Reputation: 3073
I am very new to php so I apologize for the seemingly simple question. I need to parse a line of text into different variables. More specifically, I need to parse many lines of text in different arrays. The line of text would resemble the following
timeStamp UserName* garbage text Number x item*
timeStamp UserName* garbage text Number x item*
timeStamp UserName* garbage text Number x item*
both userName and item could contain spaces. I would assume the best way to go about this would be 4 different arrays?
actual data would look like the following
03:12:34 mhopkins321 has acquired 5 x bottles of water
09:38:01 Nick Smith has acquired 100 x pennies
23:22:59 Fancy Frank has acquired 15684 x artichoke hearts
So I would assume the arrays would be
$timeStamp $userName $amount $items
03:12:34 mhopkins321 5 bottles of water
09:38:01 Nick Smith 100 pennies
23:22:59 Fancy Frank 15684 artichoke hearts
Upvotes: 1
Views: 229
Reputation: 7942
Looks like you going need a regular expression to split the text line. It is not so easy to understand but a tool you need for other cases like this you related. Manual page: https://www.php.net/manual/en/book.pcre.php
You need find patterns on the text.

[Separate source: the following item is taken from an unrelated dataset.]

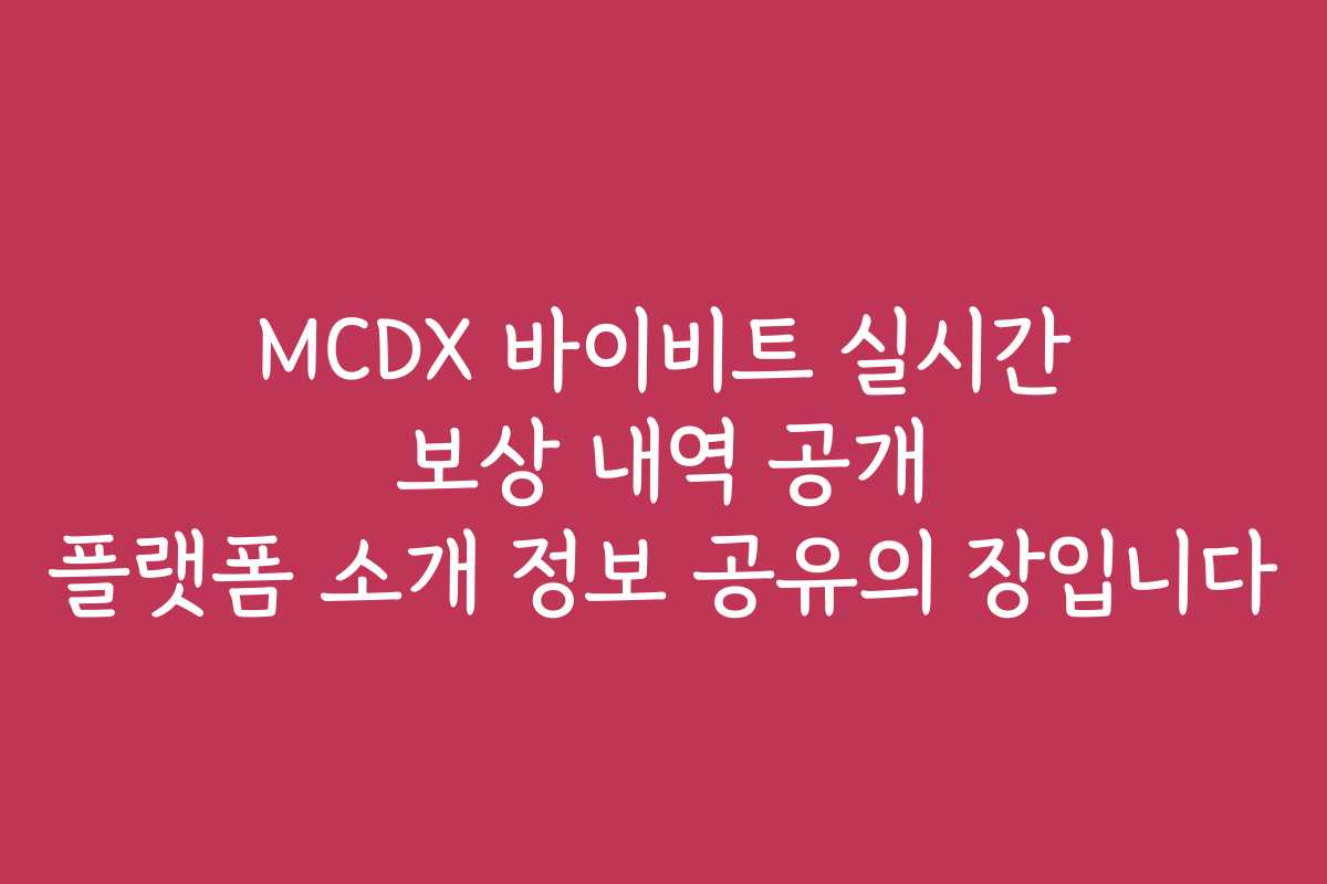 MCDX 바이비트 실시간 보상 내역 공개 플랫폼 소개 정보 공유의 장입니다
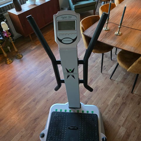Sælger denne VibroShaper vibrationsplade (model E380), da den desværre ikke bliver brugt. Den er købt i Tyskland og fremstår som fuldstændig ny – brugt meget få gange.Alt originalt tilbehør medfølger: fjernbetjening, træningselastikker og strømkabel. Det hele ligger i den originale emballage (kasse), hvilket gør den nem at transportere eller give som gave.Enheden er perfekt til effektiv hjemmetræning, muskelopbygning og fedtforbrænding. Maks. brugervægt er 100 kg.Prisen er 1.000 DKK, men kom gerne med et seriøst bud ved hurtig handel.

For example the timestamp always start at very begin of line and ahs 8 characters in length?
Upvotes: 2
Reputation: 31621
This is a very bad format for machine parsing. Especially problematic is that names may have spaces but are not delimited.
The only foolproof way to parse this is to know all the "garbage text" strings that may appear between the name and the amount. Unless you have a complete list, you may mess up your user names.

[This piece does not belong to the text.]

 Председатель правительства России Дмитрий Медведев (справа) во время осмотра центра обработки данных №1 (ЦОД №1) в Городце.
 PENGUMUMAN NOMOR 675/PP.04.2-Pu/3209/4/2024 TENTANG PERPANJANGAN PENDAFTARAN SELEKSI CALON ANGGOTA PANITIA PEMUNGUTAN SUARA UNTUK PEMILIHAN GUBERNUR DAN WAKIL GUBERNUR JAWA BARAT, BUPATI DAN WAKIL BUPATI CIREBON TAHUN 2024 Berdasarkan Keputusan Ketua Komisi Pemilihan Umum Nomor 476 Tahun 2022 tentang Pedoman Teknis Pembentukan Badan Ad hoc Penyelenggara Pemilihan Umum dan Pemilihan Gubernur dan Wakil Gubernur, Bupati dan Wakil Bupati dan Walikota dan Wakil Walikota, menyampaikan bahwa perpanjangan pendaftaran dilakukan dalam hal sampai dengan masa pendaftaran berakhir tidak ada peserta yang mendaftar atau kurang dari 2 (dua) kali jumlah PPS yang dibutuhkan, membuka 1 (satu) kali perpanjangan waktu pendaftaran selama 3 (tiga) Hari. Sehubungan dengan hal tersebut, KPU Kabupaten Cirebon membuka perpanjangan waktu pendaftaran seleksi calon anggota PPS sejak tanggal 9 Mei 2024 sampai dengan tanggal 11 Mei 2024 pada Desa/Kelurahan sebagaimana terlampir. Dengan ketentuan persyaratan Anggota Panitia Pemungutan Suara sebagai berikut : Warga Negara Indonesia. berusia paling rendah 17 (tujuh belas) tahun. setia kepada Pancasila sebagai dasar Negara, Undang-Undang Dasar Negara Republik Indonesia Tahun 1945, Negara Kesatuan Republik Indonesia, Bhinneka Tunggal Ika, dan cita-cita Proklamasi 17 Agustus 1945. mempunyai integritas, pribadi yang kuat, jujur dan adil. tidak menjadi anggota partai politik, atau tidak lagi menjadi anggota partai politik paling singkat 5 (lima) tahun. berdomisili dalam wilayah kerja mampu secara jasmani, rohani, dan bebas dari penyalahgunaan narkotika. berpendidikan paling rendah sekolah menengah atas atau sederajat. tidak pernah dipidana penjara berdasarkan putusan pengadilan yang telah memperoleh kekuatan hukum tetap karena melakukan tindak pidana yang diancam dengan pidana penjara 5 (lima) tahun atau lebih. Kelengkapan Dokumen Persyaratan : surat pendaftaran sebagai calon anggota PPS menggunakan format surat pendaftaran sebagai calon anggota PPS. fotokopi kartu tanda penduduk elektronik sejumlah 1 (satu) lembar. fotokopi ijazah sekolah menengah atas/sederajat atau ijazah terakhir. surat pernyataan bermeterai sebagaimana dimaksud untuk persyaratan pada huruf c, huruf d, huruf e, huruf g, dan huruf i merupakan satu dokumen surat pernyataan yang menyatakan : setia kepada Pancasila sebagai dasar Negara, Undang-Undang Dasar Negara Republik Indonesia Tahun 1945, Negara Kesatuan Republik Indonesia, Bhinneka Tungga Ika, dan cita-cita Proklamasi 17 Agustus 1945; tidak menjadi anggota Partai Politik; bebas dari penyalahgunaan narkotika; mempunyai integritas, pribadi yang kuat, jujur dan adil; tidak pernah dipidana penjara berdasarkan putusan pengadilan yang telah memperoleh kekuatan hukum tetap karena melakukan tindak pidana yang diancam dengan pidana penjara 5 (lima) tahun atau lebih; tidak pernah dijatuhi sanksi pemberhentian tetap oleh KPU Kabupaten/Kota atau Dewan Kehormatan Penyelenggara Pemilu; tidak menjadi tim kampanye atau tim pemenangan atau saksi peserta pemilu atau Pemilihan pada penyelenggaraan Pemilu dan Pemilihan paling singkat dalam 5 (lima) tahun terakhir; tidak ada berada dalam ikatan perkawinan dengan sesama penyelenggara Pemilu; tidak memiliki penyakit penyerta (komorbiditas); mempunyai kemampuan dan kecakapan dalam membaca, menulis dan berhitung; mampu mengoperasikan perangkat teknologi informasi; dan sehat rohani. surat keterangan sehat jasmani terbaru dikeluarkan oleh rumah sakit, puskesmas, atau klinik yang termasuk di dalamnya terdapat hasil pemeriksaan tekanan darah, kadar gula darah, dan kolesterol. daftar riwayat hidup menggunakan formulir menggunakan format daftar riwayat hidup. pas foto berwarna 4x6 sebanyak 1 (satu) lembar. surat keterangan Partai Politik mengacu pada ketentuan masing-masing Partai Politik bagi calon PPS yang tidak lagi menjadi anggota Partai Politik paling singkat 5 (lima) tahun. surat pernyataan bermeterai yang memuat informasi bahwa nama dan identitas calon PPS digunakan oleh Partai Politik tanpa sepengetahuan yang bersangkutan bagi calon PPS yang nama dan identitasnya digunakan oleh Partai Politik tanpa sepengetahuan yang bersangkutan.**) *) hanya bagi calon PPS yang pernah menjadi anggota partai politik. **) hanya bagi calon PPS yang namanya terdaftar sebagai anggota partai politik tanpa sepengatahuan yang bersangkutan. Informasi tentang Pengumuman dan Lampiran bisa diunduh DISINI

It's possible to parse this using explode()
to split a line into an array and then extracting parts. However, I think you should just use a regular expression.
$sample = "
03:12:34 mhopkins321 has acquired 5 x bottles of water
09:38:01 Nick Smith has acquired 100 x pennies
23:22:59 Fancy Frank has acquired 15684 x artichoke hearts
";
$re = '/^(?<timeStamp>[0-9]{2}:[0-9]{2}:[0-9]{2}) # timestamp
\s+
(?<userName>[\w\s]+) # user name
\s+(?:has\s+acquired)\s+ # garbage text between name and amount
(?<amount>\d+) # amount
\s+x\s+ # multiplication symbol
(?<items>.*)\s*$ # item name (to end of line)
/xmu';
preg_match_all($re, $sample, $matches, PREG_SET_ORDER);
var_export($matches);
Upvotes: 2